Een soortgelijke dwaling was de eerste oorzaak van de teleurstelling van Nietzsche, die voor beide vrienden de bron van zooveel en diep zielsleed worden zou. Nietzsche toch was na een afwezigheid van twee jaren tegen het begin der Festspiele te Bayreuth gekomen, meenend aldaar te zullen zien wat deze tijd niet kan te aanschouwen geven: een Volk, een kunstscheppend Volk, en de Tragedie in haar hoogste, dit is meer dan litteraire beteekenis. Dat Wagner daarheen gewezen heeft, is wellicht de grootste daad van dezen daemonisch begaafden man geweest, uit wiens dwalingen men evenveel leeren kan als uit zijn deugden.

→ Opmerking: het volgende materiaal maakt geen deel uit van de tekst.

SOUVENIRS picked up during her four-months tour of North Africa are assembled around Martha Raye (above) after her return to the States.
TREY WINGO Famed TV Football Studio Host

Dat men nu allengs door een wijze bemanteling der gebreken naar de verduidelijking der deugden moet streven, - aan dit inzicht scheen het in het algemeen den verzorgers der mise-en-scène en in het bijzonder den voorsteller van Hagen, den heer Johannes Elmblad, te falen. Het is hiermede eenigszins gesteld als met Beckmesser, die ongeveer een burgerlijke en historische Hagen is. Ook deze is zonder eenige Liefde, haat de blijden en stralenden en heeft geen andere passie dan Hebzucht en Macht; zooals deze figuur door de geringste overdrijving overgaat tot de caricatuur van het laag-komische, zoo Hagen tot de caricatuur van het daemonische. De heer Elmblad had in dit opzicht een voorbeeld kunnen nemen aan den uitnemenden kunstenaar die bij de laatste Meistersinger-voorstelling van de Wagnervereeniging de partij van Beckmesser gaf.

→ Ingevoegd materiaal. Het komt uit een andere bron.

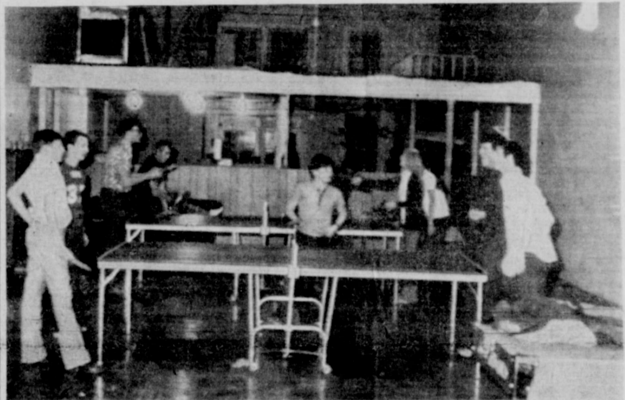
Action at the CETA Hut—Newly opened, but already popular with the young people, is the CETA Hut, a youth center started recently in a vacant building in downtown Silvertown by the First Baptist Church.

come to see them. Please don't disappoint us this time. Come to see 'Suitable For Hanging' and get back into the habit of supporting our school. Thank you, Seniors '74."
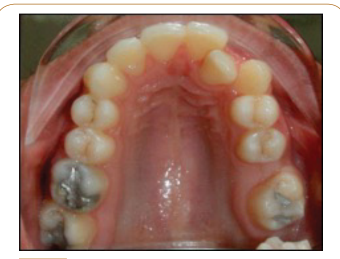
Figure 1 Case 1: Pre-treatment (Maxillary occlusal view).
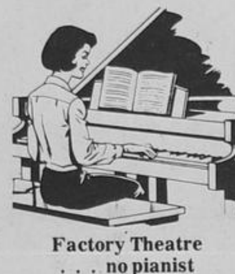
Factory Theatre ... no pianist
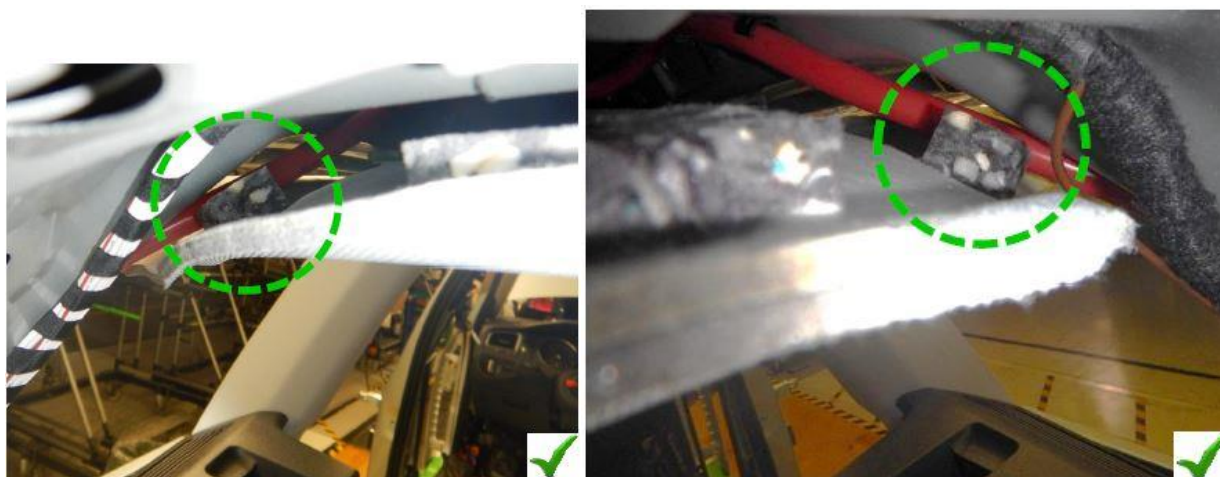
Figures 6 and 7, Rear drain hoses routed behind foam blocks on headliner.

3. Reinstall the headliner ensuring the foam blocks do not contact either of the sunroof drain hoses (See Figures 6 and 7).
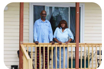
OLDER ADULT HOME MODIFICATION PROGRAM
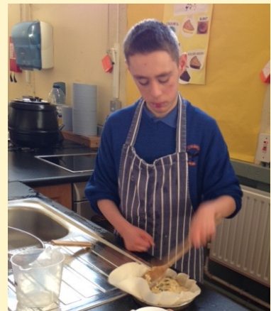
Cooking up a treat
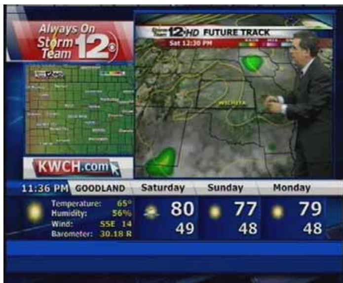
KWCH-19.2 Hutchinson, KS 447 mi Tr seen 9/24/10 @2336 CT

Een weinig archaeologische nauwkeurigheid, zooals men die in Frankrijk en ook ten onzent kent, een weinig compositie in het kleurengeheel van décors en costumes, zooals zelfs een gewone Hollandsche decoratie-schilder die kan geven, zou de voorstelling reeds boven die te Bayreuth verheffen. De Rheintöchter-scène was hier reeds aanmerkelijk beter dan daar, hetgeen niet gezegd kan worden van de zonderlinge halle der Gibichungen met hare nog zonderlinger uitgedoschte bewoners, van welke Gunther evenals Siegfried door hunne Romeinsche maliënkolders aan de zuil van Trajanus zouden doen denken, had de eene niet met zijn wonderlijk vuurrood pallium (epiblema) op een oud-Griekschen soldaat, de ander door zijn wijden rood-en-witten mantel op een Maltheser ridder geleken. Een moeilijker te corrigeeren eigenaardigheid is de zware en voor het verborgene orkest absoluut berekende instrumentatie, wier massiviteit op sommige oogenblikken pijnlijk aandeed.

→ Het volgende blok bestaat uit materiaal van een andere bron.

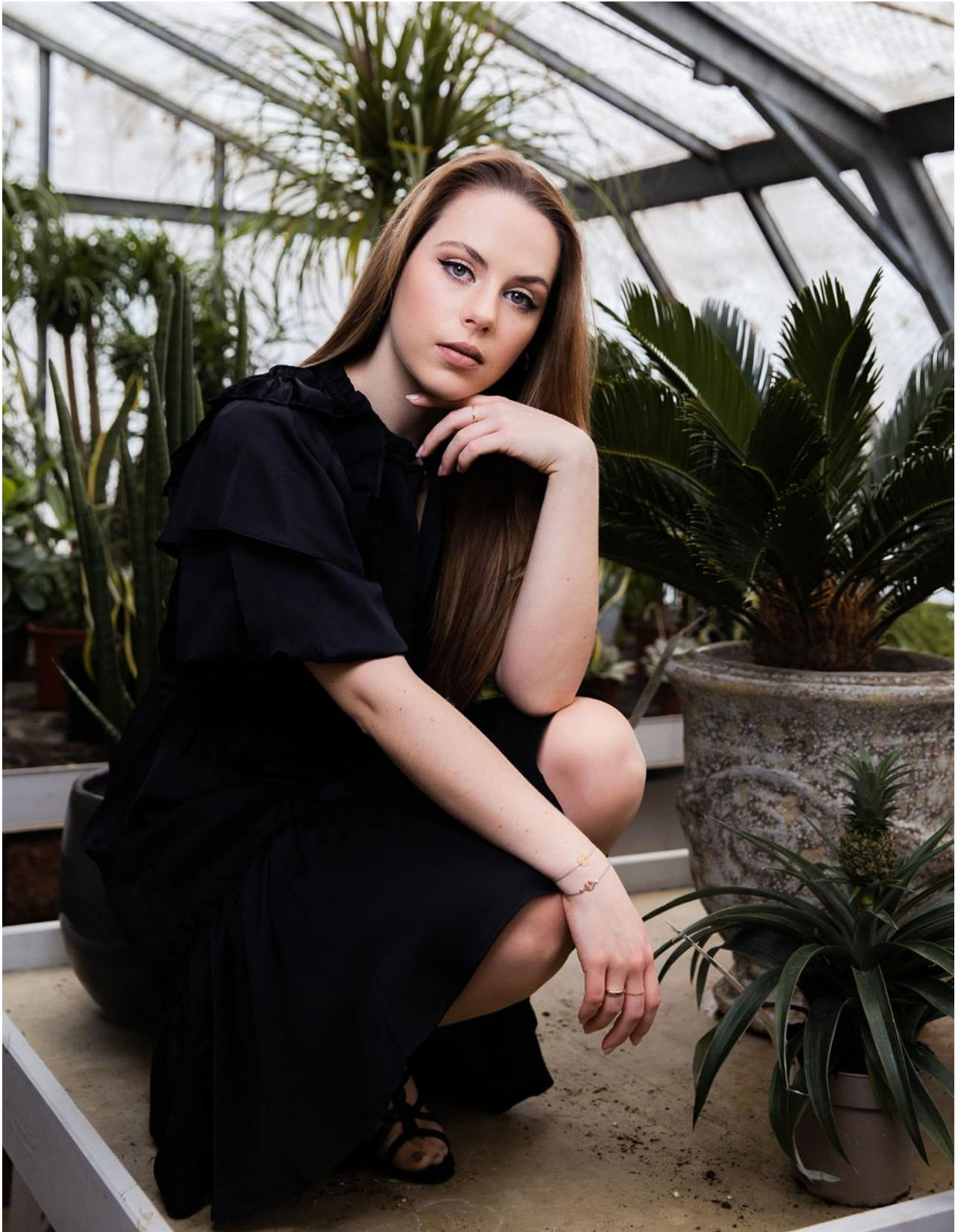
Black Dress - Munthe Shoes - Zara

Of van de vier deelen van den Ring der Götterdämmerung het langste leven beschoren zal zijn? Er zijn wel redenen hieraan te twijfelen, voor wier uiteenzetting echter het nu het geschikte moment niet is. Voorloopig toch past het den heer Viotta in de eerste plaats, vervolgens mevrouw Sucher en den heer Burgstaller de hulde onzer dankbare bewondering te brengen voor het zeer buitengemeene wat zij gezamenlijk tot stand hebben gebracht.